Though he was such an accomplished person, his most important roles in life were being a husband and our father. Married for 27 years, Mary was his girl and he was her guy. They were a perfect counterbalance as she brought energy and wore her heart on her sleeve, while he was a reminder to slow down and enjoy the moment. Both independent people who had interests and passions of their own, they loved being active together, enjoyed sharing their dreams and goals and knew the importance of surrounding themselves with the love of friends and family. They are undoubtedly soulmates, and their love will continue to be a wonderful example to their children.

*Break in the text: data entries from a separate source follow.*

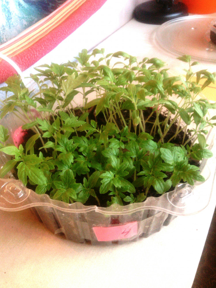 По рассаде видно, что рост будет небольшой, хотя в описании до 2-х метров. На фото хорошо видно разницу с высоким сортом.
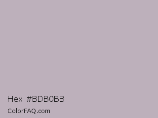 Hex #bdb0bb Color is a light magenta color and the nearest color is Pink Swan #beb5b7. Hex code #bdb0bb and RGB value is rgb(189,176,187). In RGB color space, this color is composed of 74% red, 69% green, 73% blue, In CMYK color space, this color is composed of 0% cyan, 7% magenta, 1% yellow , 26% black , In HSL color space, this color has a hue angle of 309° , 9% saturation and 72% lightness.
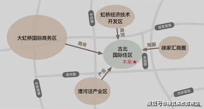 古北地处内中环间,古北路与吴中路构筑起黄金十字轴,东西串联大虹桥与徐家汇,南北对接虹桥经开区与漕河泾产业区。古北恰好位于这些商贸、产业区的“核芯”节点,四周皆为强邻,地理位置可谓得天独厚。
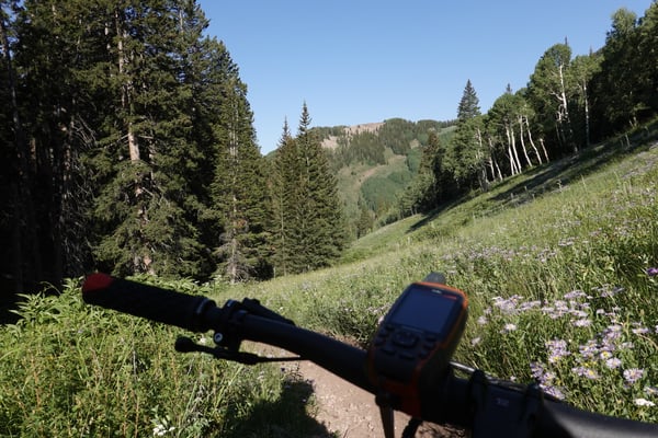 Nach kurzem Einrollen über blumenprächtige Alpwiesen - Weidebeef sind auch zu sehen folgt ein giftiger Aufstieg auf den Burropass auf 3621 m. Hinter dem Pass geht es gleich ruppig durch einen Nadelwald und entlang von Geröllfelder in die Tiefe in Richtung Moab. Schon bald wird der Trail flacher und flowiger und die Fichten machen den Birken platz.

Some people may find our family dynamic odd, but we were blessed that divorce strangely enhanced our lives as a family unit and brought us all closer together. Dad had a unique and special connection with each of his kids and we never doubted how supported and loved we were. Ben loved fishing and playing the guitar with him and shared special times with him on camping trips. Melinda shared his love for music and will miss those insightful conversations over dinner and drinks as he always had a clear perspective on what is important in life. Quinn cherished the little moments with Dad like going to the bookstore or going grocery shopping because he always made it fun, and she looked forward to catching up with him every night after work to share about the day. Cullen loved playing basketball, watching boxing and solving puzzles in the newspaper with him. Maria, Dustin and Lydia also held special places in his heart and were quickly embraced as extensions of the family. His grandchildren: Miles, Marin and Brynn, knew him as Papa Mac, and all began building their own special connections with their grandpa. Years ago, he began the tradition of an annual family vacation where we created so many memories with him and because of him. Our father had a strong tie to his Irish heritage and our trip to Ireland in 2004 will be one never to be forgotten. His grateful heart will continue to beat on through his children and his grandchildren. He was so proud of his family and we were insanely proud of him.
Mac grew up as an only child in a small home, so his dream after retirement was to build a place where he could share his space and welcome others. After ten years of planning, Mary and Mac’s dreams became reality in their retirement home in Bangor. You can see him in every detail of the house from the Celtic doorknocker at the entrance to the quiet spaces with local artwork on the walls to the floorboards you walk upon that he helped build. He found peace and solitude working on projects and being outside on the property. Even with the huge void that is felt with his passing, his light and life can be felt throughout the home.
Before he left, he said, “You only have to say goodbye to one person, imagine having to say goodbye to 500.” Though that one person means the world to us, he wished he could have shared a moment with all of the people that he cared so much for. So to honor him, do something in his memory. Go fishing with your kid, write a handwritten letter to an old friend, do something nice for a stranger, have a drink (or two) at O’Duffy’s or Bell’s or just stand outside in nature and remember him. Listen, instead of talk, hug someone like you mean it, and remember to enjoy the little things in life, as they are really the big things. We are better people for having known him and the world is a little less without him in it.